• [Exercise]: Pictures are not part of the copy. Set down exactly the lines from the one containing "2일 오후 전북 군산구장에서" through the last line of the material below.
(Dataset content begins)
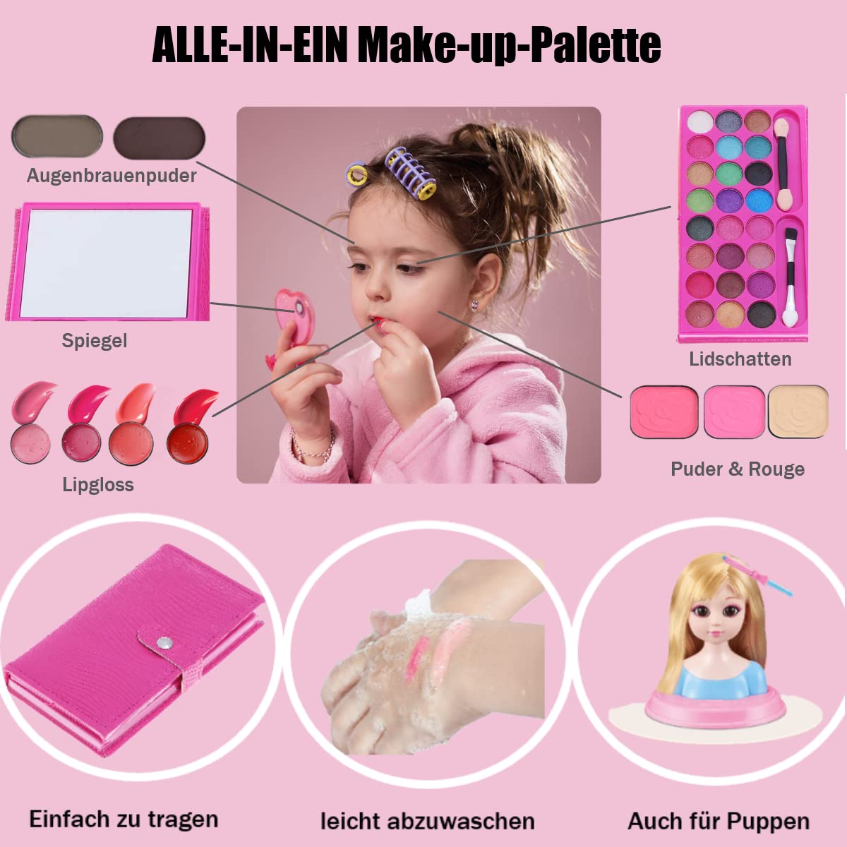 【Set trucco per bambini, sicuro e lavabile】: il set trucco per bambini KARLOR è realizzato con materiali sicuri e di alta qualità, è lavabile, morbido sulla pelle, non tossico e facile da pulire e ha superato la certificazione EN71 e CRSP. Ciò significa che è sicuro e delicato sulla pelle della ragazza, quindi la tua principessa non avrà preoccupazioni. 【Palette trucco per ragazze tutto in 1】: il set trucco per bambini KARLOR contiene tutto ciò di cui la ragazza ha bisogno per il trucco. --- 4 rossetti, 21 ombretti, 3 fard, 2 cipria per sopracciglia, 2 pennelli, 1 specchio cosmetico. Tutto è incluso nella tavolozza del portafoglio. Questo è un vero set per il trucco per la tua piccola principessa. Con questo vassoio per i trucchi, le bambine possono truccarsi e giocare. 【Vero set di trucchi per bambini】: il set di cosmetici per ragazze KARLOR è appositamente progettato per consentire alle bambine di esercitarsi nel trucco. Nel frattempo, il bambino non rovinerà i costosi cosmetici dei genitori. La tua bella principessa sarà molto entusiasta di questo set di cosmetici per ragazze. 【Design a portafoglio viola e facile da trasportare】: l'aspetto di questo vassoio per il trucco è un portafoglio rosa. Puoi chiudere il coperchio molto comodamente e trasportarlo facilmente. C'è uno specchio nella tavolozza dei trucchi, che è molto utile per le ragazze per truccarsi. Questo set di trucchi per bambini assicura alla bambina un trucco divertente, sempre e ovunque. 【I migliori regali per ragazze】: ogni bambina vuole avere il suo regalo. La confezione del nostro prodotto è rosa e bellissima. Le bambine saranno soddisfatte di questo set di trucchi, adatto come regalo di compleanno, Natale, festival, ecc. Si prega di notare che questa tavolozza di trucchi è adatta per ragazze/bambini dai 4 anni in su. I bambini piccoli dovrebbero truccarsi e giocare sotto la supervisione dei genitori.
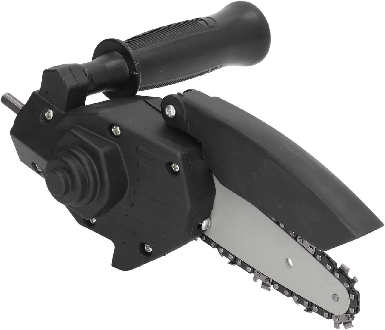Está compuesta por una pequeña barra guía con cadena de corte, una cubierta de protección plástica negra y un mango auxiliar ergonómico. El cuerpo principal parece hecho de plástico resistente con tornillos visibles que aseguran las piezas. En un extremo se encuentra el eje metálico que permite acoplarla fácilmente al mandril de un taladro eléctrico. El diseño es compacto y portátil, ideal para trabajos ligeros de corte en madera.
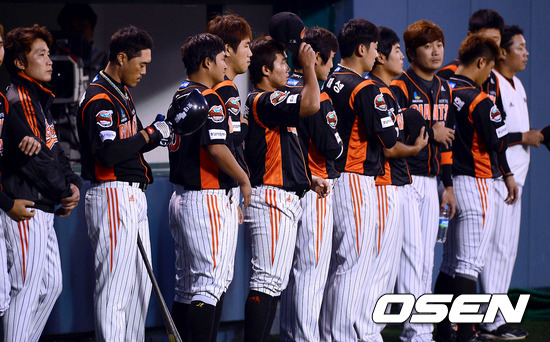 2일 오후 전북 군산구장에서 열린 2012 팔도 프로야구 KIA 타이거즈와 롯데 자이언츠의 경기 전 롯데 선수들이 어두운 표정으로 국민의례를 하고 있다.
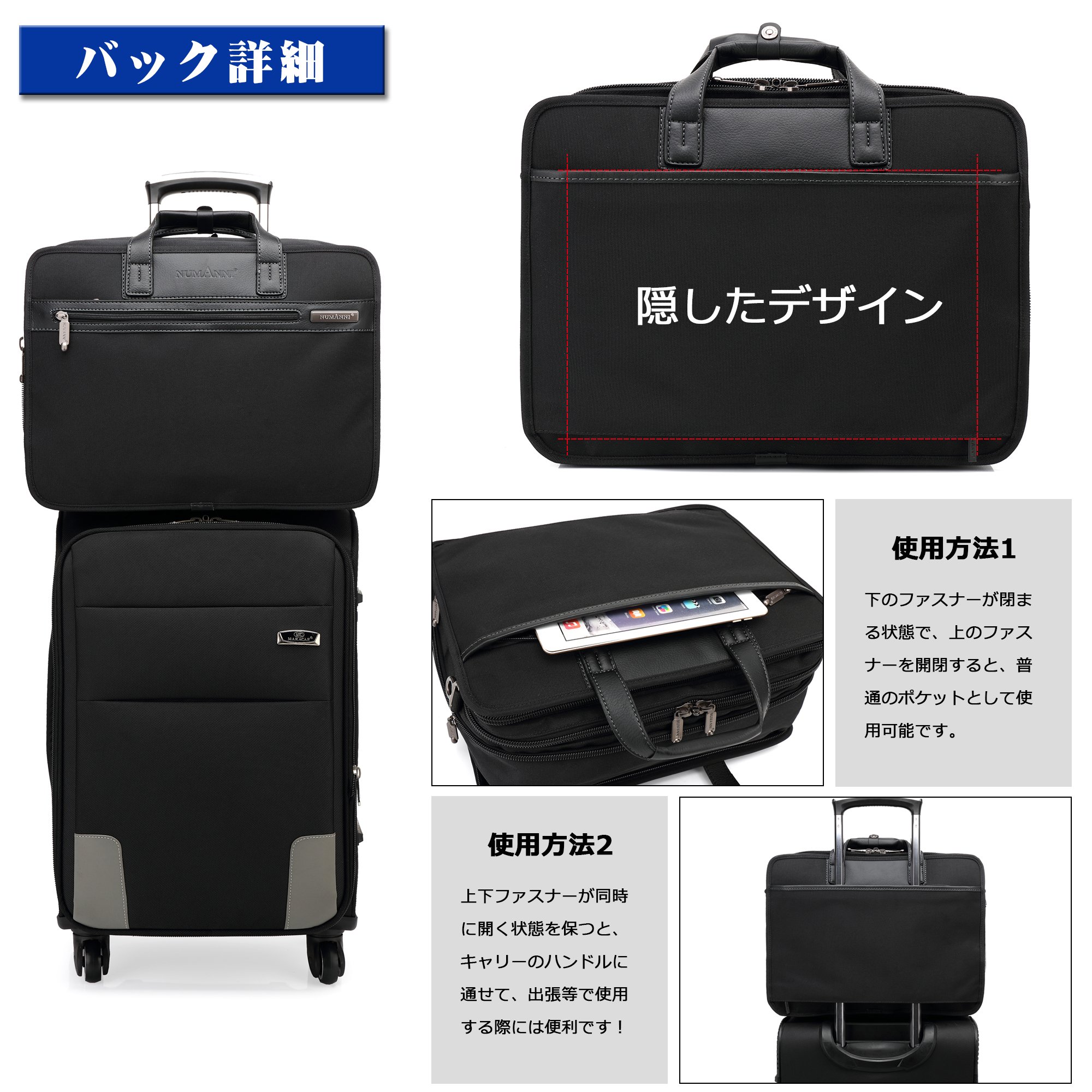 If you keep the state where the zipper is open at the same time, it becomes a carry supporter, it can be passed through the handle of the carry, it is convenient when using the carry case for a long business trip etc!
(Dataset content ends)
• [Solved problem]:
 2일 오후 전북 군산구장에서 열린 2012 팔도 프로야구 KIA 타이거즈와 롯데 자이언츠의 경기 전 롯데 선수들이 어두운 표정으로 국민의례를 하고 있다.
 If you keep the state where the zipper is open at the same time, it becomes a carry supporter, it can be passed through the handle of the carry, it is convenient when using the carry case for a long business trip etc!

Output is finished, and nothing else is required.